Future research should explore effective model algorithms tailored to spatial studies of livestock in the MP. Detailed geographical distribution characteristics of livestock can be revealed by constructing spatial models. Additionally, modeling based on the regional characteristics of the MP can further enhance simulation accuracy, providing more refined data sources for relevant studies in the region. Combining diverse RS data with selected rich factors can optimize the model to reveal dynamic changes in livestock, and can serve as a fundamental basis for the sustainable development of grassland livestock farming in the MP.

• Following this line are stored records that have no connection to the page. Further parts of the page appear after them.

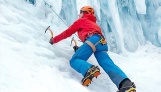 Helm? Check. Harnas? Check. IJsbijlen en stijgijzers? Check. IJsklimmen staat hoog op mijn bucketlist. Ik sta onderaan een enorme bevroren waterval en kijk naar boven: grillige ijssculpturen, die zo uit een druipsteengrot lijken te komen. Er zijn vier routes uitgezet, van makkelijk tot zeer moeilijk. Na de nodige uitleg van berggids Clemens en wat oefenen op de makkelijkste routes, begin ik aan de op een na moeilijkste route van ongeveer veertig meter hoog.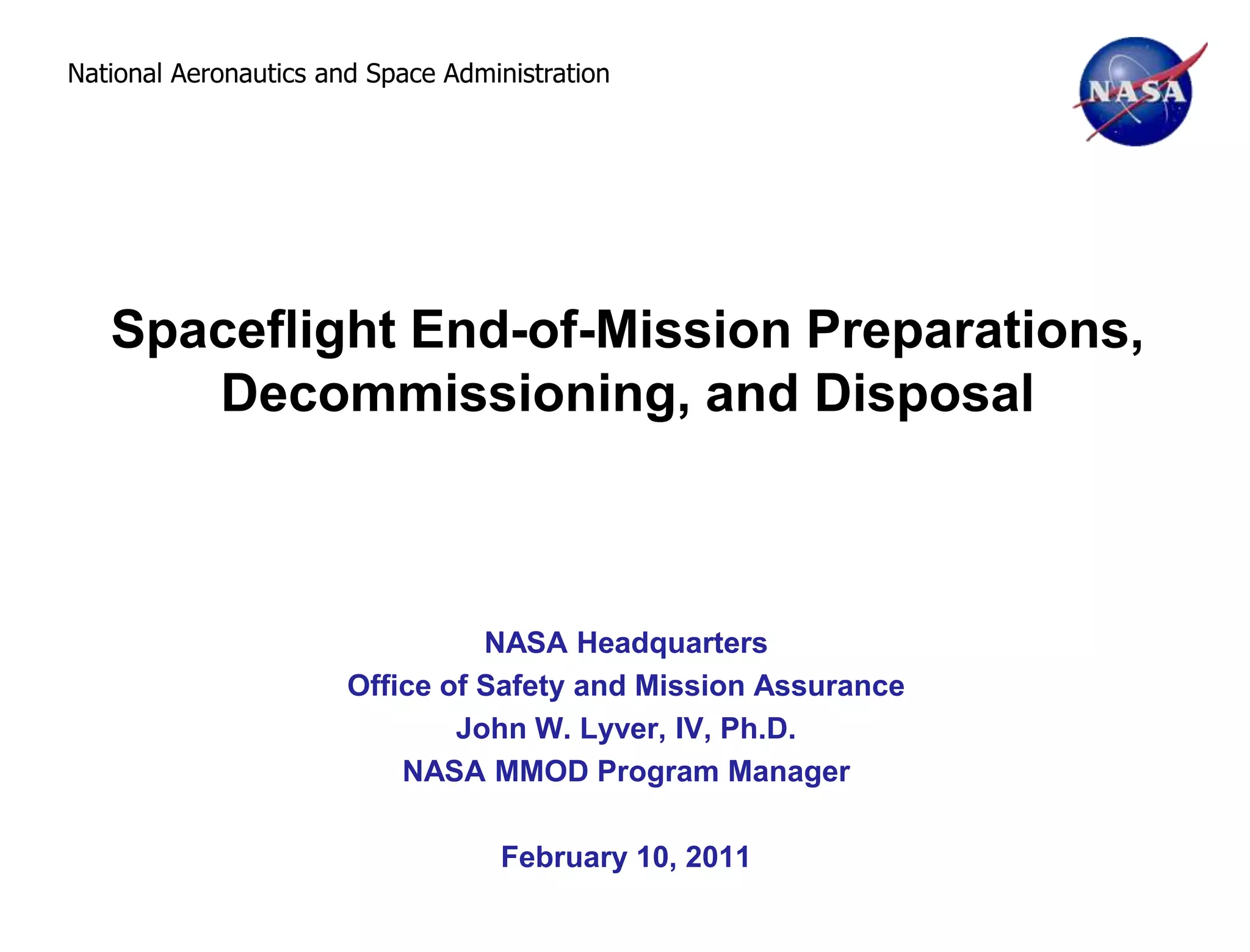 This document discusses NASA's policies and procedures for decommissioning and disposing of spacecraft at the end of missions. It outlines the governing policies at the national and NASA level that require planning for post-mission disposal to limit orbital debris and environmental risks. Key requirements include developing end-of-mission plans, passivating spacecraft by depleting energy sources, and either de-orbiting from orbit or moving to a storage orbit above 2,000 km. The document reviews the disposal guidelines and regulations regarding debris mitigation and risk management.
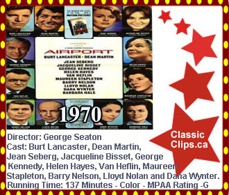 AIRPORT (1970) Seven stories tied into one movie! Mel Bakersfeld (Burt Lancaster), the general manager of a Chicago area airport, must contend with a massive snowstorm, the detonation of a bomb on a Boeing 747 and clearing runway 29 of a snowed in Boeing 707 for the ill fated Boeing 747, on which other nuisances are occurring, including a sly, elderly stowaway, Ada Quonsett (Helen Hayes), who has been taking the airport for a ride for years. Director: Jim Abrahams, David Zucker and Jerry Zucker. Cast: Burt Lancaster, Dean Martin, Jean Seberg, Jacqueline Bisset, George Kennedy, Helen Hayes, Van Heflin, Maureen Stapleton, Barry Nelson, Lloyd Nolan and Dana Wynter. |

3.3.2 Grassland ecosystem carbon pool

The terrestrial ecosystem carbon pool refers to the portion of carbon stored in different ecosystems during the carbon cycle, including aboveground biomass, belowground biomass, litter, and soil organic matter. Grasslands, the most extensive vegetation type in the MP, play a crucial role in global climate change and carbon cycling by sequestering atmospheric CO₂ via photosynthesis. Grassland carbon pools mainly consist of vegetation biomass carbon pools and soil carbon matter pools, with the majority of carbon in grassland ecosystems stored in the soil because of the higher belowground biomass compared to the aboveground biomass.

In recent decades, researchers have estimated global grassland carbon pools and carbon sequestration capacities using methods such as ground biomass surveys, eddy covariance flux monitoring, atmospheric monitoring and inversion, and RS estimation models. In the MP, based on ground surveys in a typical grassland area in Inner Mongolia’s Xilin Gol, it was found that, owing to shrub invasion and grassland degradation, the soil carbon pool’s ability to sequester carbon decreased, weakening the grassland ecosystem’s carbon sequestration capacity in that region (Li et al., 2020). You et al. (2023) estimated the carbon flux in Inner Mongolian grasslands using eddy covariance observational data and the random forest method, revealing that Inner Mongolian grasslands are a weak carbon sink. Wang et al. (2023) established eddy covariance towers and observed that influenced by soil moisture, acted as carbon sinks, in Mongolia’s permafrost region, and as carbon sources in non-permafrost regions acted. Studies on the grassland carbon sequestration capacity of the MP using ground surveys and eddy covariance flux methods at a regional scale have provided relatively accurate results. However, studies based on RS estimation and atmospheric inversion have uncertainties in assessing grassland carbon sequestration capacity at a large regional scale (Xin et al., 2020).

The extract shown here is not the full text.